• **To do**: Copy the listing as it is written, and leave each picture out.

• **Supplied data**:
■ ■ ■ ■
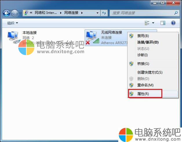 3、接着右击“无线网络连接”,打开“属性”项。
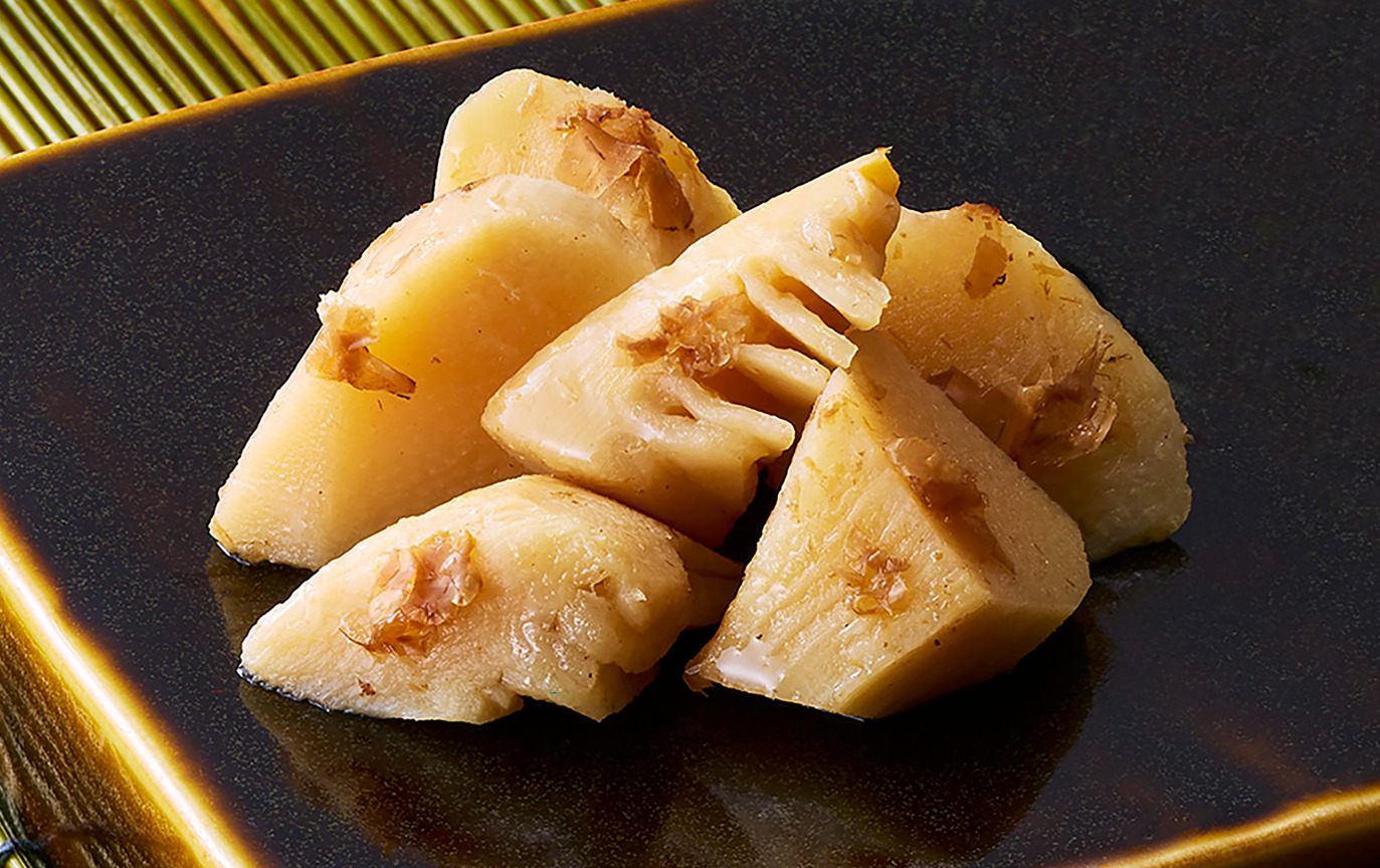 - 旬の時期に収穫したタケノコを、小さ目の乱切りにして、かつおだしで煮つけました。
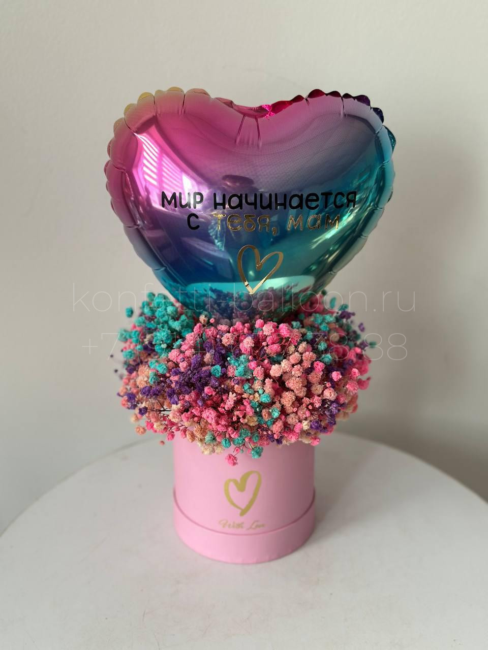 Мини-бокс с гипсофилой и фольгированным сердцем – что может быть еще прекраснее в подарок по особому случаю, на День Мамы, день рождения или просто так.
■ ■ ■ ■
• **Answer section**:
 3、接着右击“无线网络连接”,打开“属性”项。
 - 旬の時期に収穫したタケノコを、小さ目の乱切りにして、かつおだしで煮つけました。
 Мини-бокс с гипсофилой и фольгированным сердцем – что может быть еще прекраснее в подарок по особому случаю, на День Мамы, день рождения или просто так.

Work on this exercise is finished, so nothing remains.